## Goal of the exercise
The lines in the listing below are to be given again exactly, starting at the line holding "Paired with tailored" and ending at the line holding "Welcome to 3005". Do not include pictures.

## Data section
--- START ---

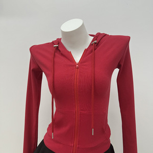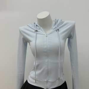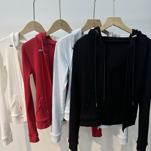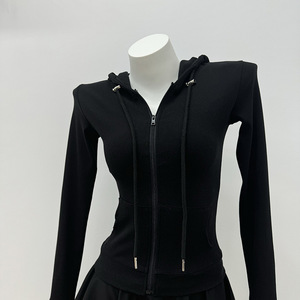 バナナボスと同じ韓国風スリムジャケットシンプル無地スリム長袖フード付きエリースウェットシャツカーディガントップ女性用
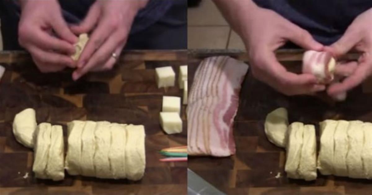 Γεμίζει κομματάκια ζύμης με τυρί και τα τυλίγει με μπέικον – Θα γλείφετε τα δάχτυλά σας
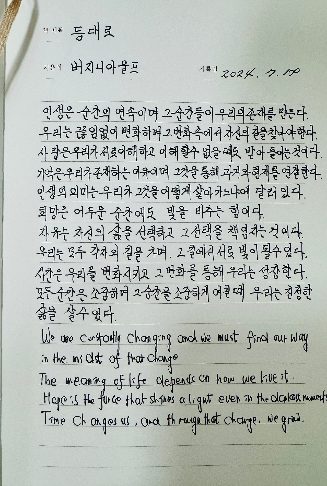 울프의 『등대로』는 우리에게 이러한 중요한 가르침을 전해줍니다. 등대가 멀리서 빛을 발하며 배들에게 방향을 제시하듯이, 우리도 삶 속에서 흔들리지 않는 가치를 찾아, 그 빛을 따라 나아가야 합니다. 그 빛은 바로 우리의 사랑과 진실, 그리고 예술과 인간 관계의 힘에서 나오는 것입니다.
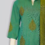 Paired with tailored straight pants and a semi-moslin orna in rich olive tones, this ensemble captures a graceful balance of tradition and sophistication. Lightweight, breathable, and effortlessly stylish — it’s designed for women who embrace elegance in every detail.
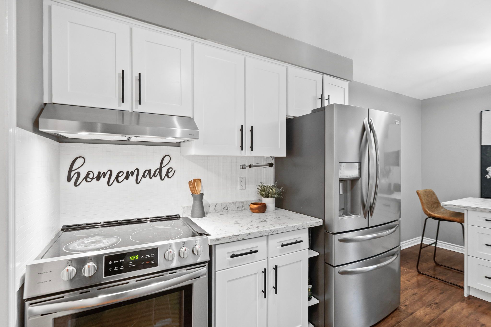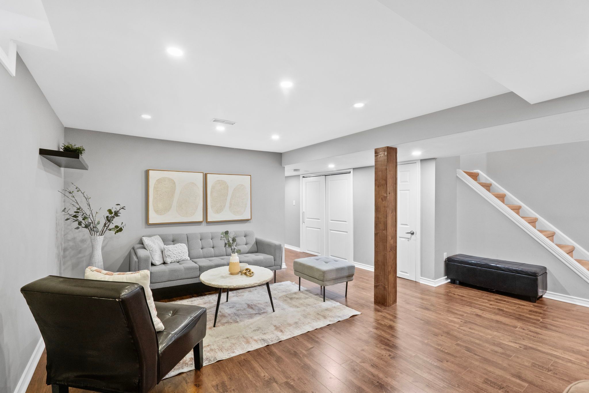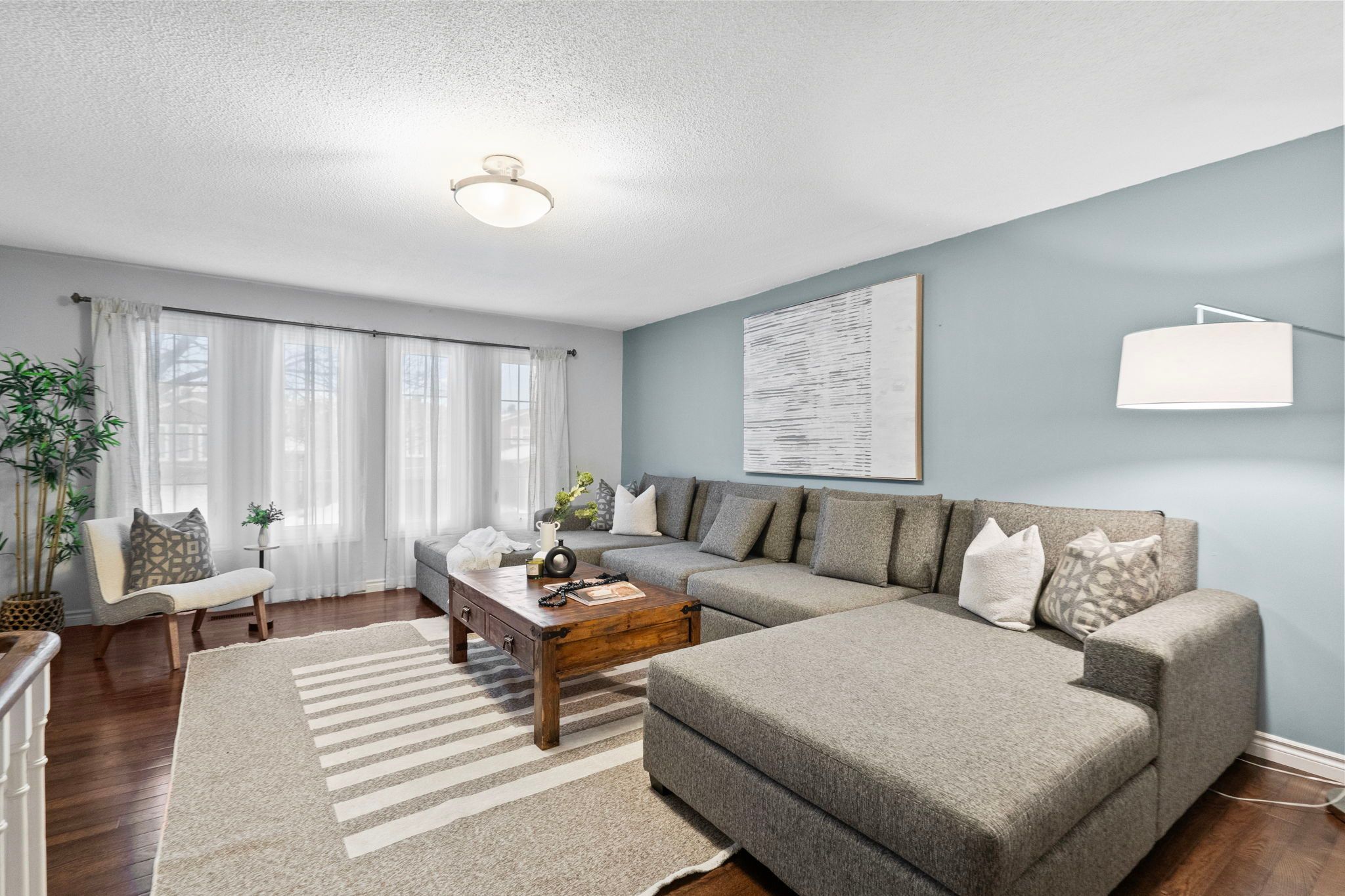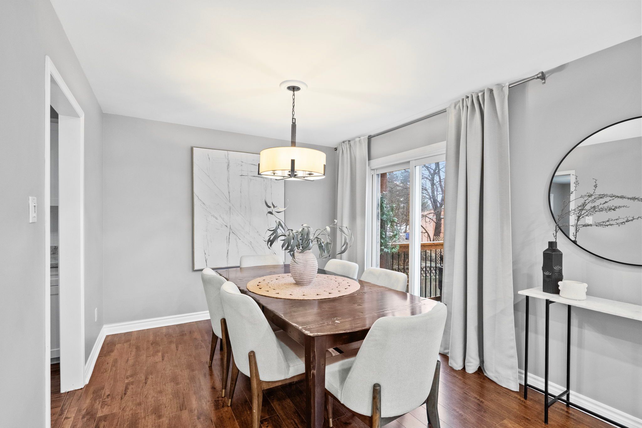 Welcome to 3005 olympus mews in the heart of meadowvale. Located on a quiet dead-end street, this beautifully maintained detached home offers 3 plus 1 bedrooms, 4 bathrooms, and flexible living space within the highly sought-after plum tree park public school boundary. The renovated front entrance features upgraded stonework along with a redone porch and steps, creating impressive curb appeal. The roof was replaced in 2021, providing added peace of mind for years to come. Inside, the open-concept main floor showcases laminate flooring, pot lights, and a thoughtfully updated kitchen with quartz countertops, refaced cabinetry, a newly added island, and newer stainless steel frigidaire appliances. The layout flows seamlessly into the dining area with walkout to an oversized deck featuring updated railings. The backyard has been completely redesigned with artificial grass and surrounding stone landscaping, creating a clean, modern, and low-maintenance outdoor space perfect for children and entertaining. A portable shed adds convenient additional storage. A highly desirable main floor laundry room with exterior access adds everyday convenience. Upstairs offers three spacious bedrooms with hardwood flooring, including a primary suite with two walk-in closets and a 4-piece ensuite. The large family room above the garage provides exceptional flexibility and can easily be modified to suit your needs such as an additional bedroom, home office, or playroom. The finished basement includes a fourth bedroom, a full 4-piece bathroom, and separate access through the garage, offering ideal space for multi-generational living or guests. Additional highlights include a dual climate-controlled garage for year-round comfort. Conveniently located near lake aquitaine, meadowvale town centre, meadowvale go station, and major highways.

--- END ---
--- START ---

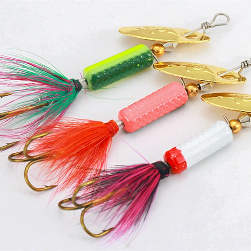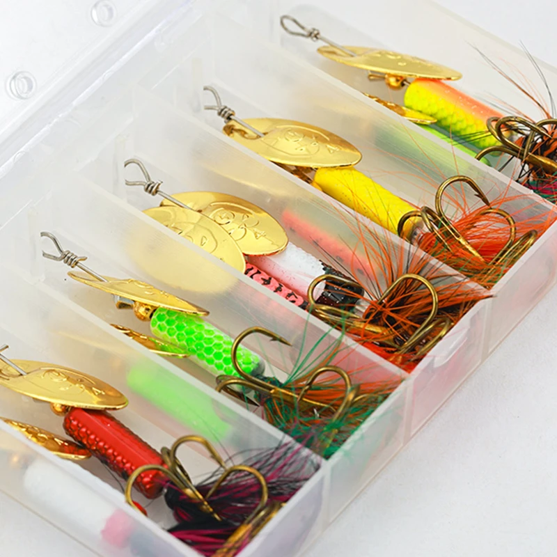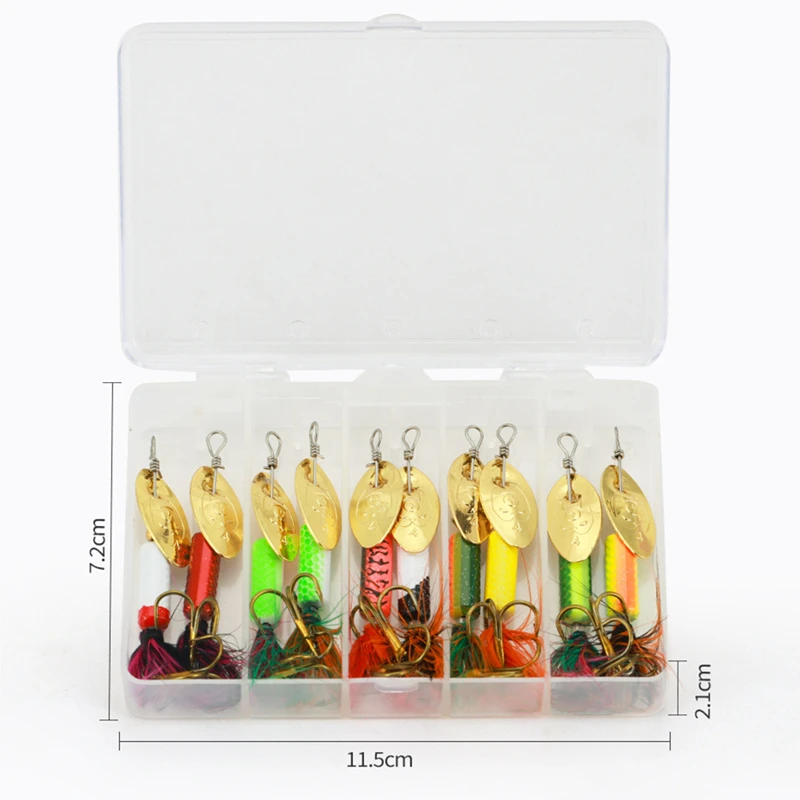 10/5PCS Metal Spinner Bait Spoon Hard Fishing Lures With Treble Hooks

--- END ---

## Solution
 Paired with tailored straight pants and a semi-moslin orna in rich olive tones, this ensemble captures a graceful balance of tradition and sophistication. Lightweight, breathable, and effortlessly stylish — it’s designed for women who embrace elegance in every detail.
 Welcome to 3005 olympus mews in the heart of meadowvale. Located on a quiet dead-end street, this beautifully maintained detached home offers 3 plus 1 bedrooms, 4 bathrooms, and flexible living space within the highly sought-after plum tree park public school boundary. The renovated front entrance features upgraded stonework along with a redone porch and steps, creating impressive curb appeal. The roof was replaced in 2021, providing added peace of mind for years to come. Inside, the open-concept main floor showcases laminate flooring, pot lights, and a thoughtfully updated kitchen with quartz countertops, refaced cabinetry, a newly added island, and newer stainless steel frigidaire appliances. The layout flows seamlessly into the dining area with walkout to an oversized deck featuring updated railings. The backyard has been completely redesigned with artificial grass and surrounding stone landscaping, creating a clean, modern, and low-maintenance outdoor space perfect for children and entertaining. A portable shed adds convenient additional storage. A highly desirable main floor laundry room with exterior access adds everyday convenience. Upstairs offers three spacious bedrooms with hardwood flooring, including a primary suite with two walk-in closets and a 4-piece ensuite. The large family room above the garage provides exceptional flexibility and can easily be modified to suit your needs such as an additional bedroom, home office, or playroom. The finished basement includes a fourth bedroom, a full 4-piece bathroom, and separate access through the garage, offering ideal space for multi-generational living or guests. Additional highlights include a dual climate-controlled garage for year-round comfort. Conveniently located near lake aquitaine, meadowvale town centre, meadowvale go station, and major highways.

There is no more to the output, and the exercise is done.